Manganese Tears, Tim O’Leary The design is standard for Poetry Salzburg pamphlets. The jacket is divided almost in two, with a diagonal divide starting a couple of inches down from the left hand corner and terminating a couple of inches up from the right. The lower section is royal blue and contains no text or graphics. The author's name and pamphlet title are in small caps (same size for both) in the top section, which is white. The author's same, left justified, is in the same colour as the blue section. The pamphlet title, right justified, is below that and is in black. Small black oblongs (top left and bottom right) hold information about the imprint in tiny white lower-case letters.

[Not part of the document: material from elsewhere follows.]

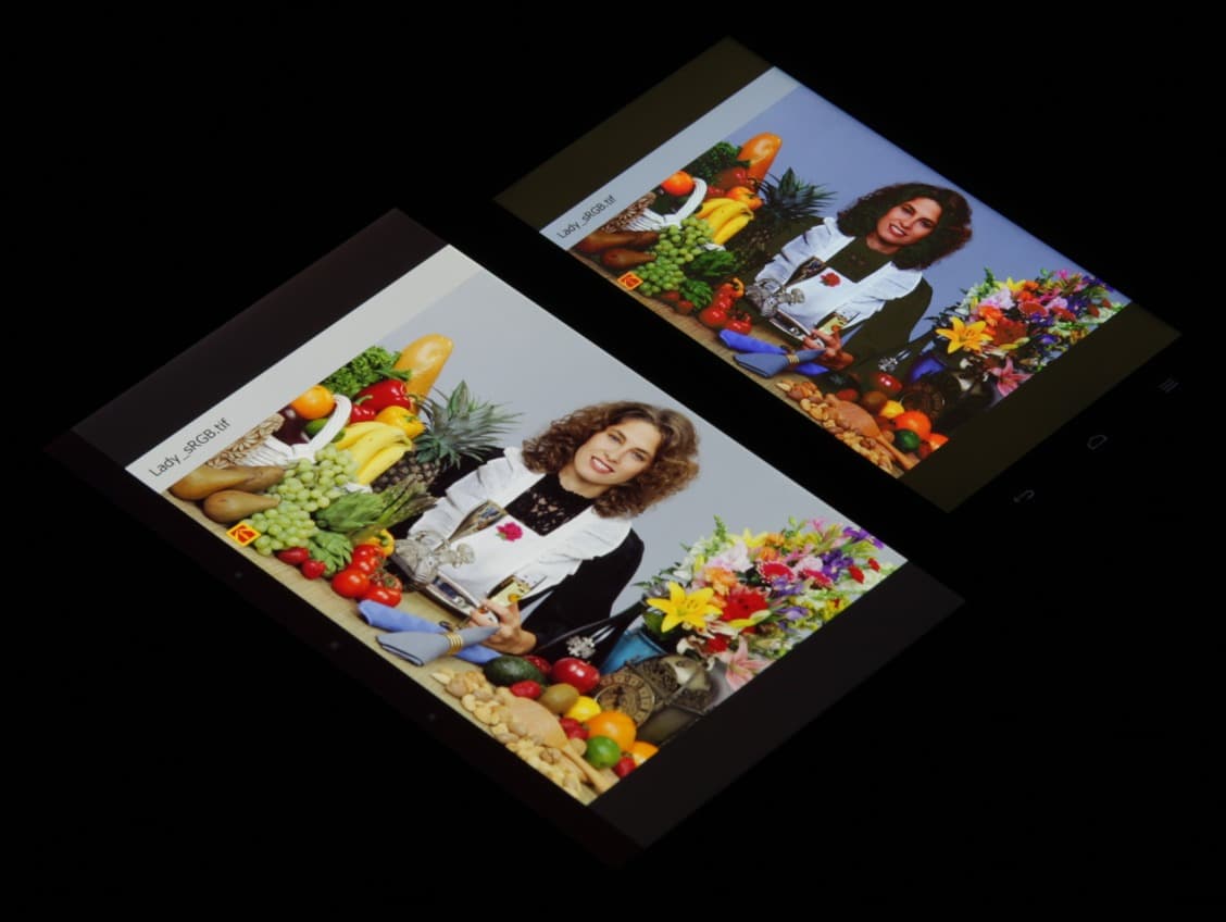 Экран имеет хорошие углы обзора без значительного сдвига цветов даже при больших отклонениях взгляда от перпендикуляра к экрану и без инвертирования (корме самых-самых темных при отклонении взгляда вправо) оттенков. Для сравнения приведем фотографии, на которых на экраны Huawei Honor 3X и Nexus 7 выведены одинаковые изображения, при этом яркость экранов изначально установлена примерно на 200 кд/м², а цветовой баланс на фотоаппарате принудительно переключен на 6500 К. Перпендикулярно к экранам белое поле:

Poetry Salzburg, 2018    £4.00 

The uneasy reality of relationships

Manganese is an essential element. By joining this mineral to human tears in the title, the poet makes clear that sorrow is a necessary expression of what it is to be human.

This controlled collection explores grief and the complexity of human relationships. It seems that these relationships are very personal, but whether autobiographical or not, the work resonates with deep, often difficult emotions.

The first half of the pamphlet focuses on the decline and death of the narrator’s mother. There is no easy route to some misremembered idyll. Instead, the poet grapples with ambivalence over the role of carer. In ‘Home Visit’ he writes about ‘the draught of my arrival / after these ten years.’ How are we to view this woman, whom they hug as a ‘weathered bone pouch’?

In ‘Walking to the Bridge’, we see the harsh reality of her final stages:

as every moment withers
in this dumbing of her days.

And there are hints in ‘The Birthplace’ that hers was a life not fully lived: ‘the edge of your tone should’ve shown me / you had no inkling how you might’ve been treasured.’

There is tenderness, too, such as in ‘The Wakeless Earth’ which describes her burial:

I give you up to winter,
to snowflake and dew

However, this poem ends with ‘as promises kept to bow to you now — / my sorrow is no more for kin to claim.’ And so the reader is left with the speaker’s melancholic sense of duty, and his regret at having not enjoyed a happier rapport.

The second half of the pamphlet deals with other relationships, many taking place overseas, in Greece and Italy. The poet evokes a vivid sense of place with richly detailed descriptions, such as (in ‘Caveat’) ‘the sharp scent of goat-browsed wild rosemary’.

There are glimmers of quiet humour and gentleness, and so as a whole, I was left with a sense of a complete person rather than anyone two-dimensional. I welcomed this thoughtful exploration of problematic truth.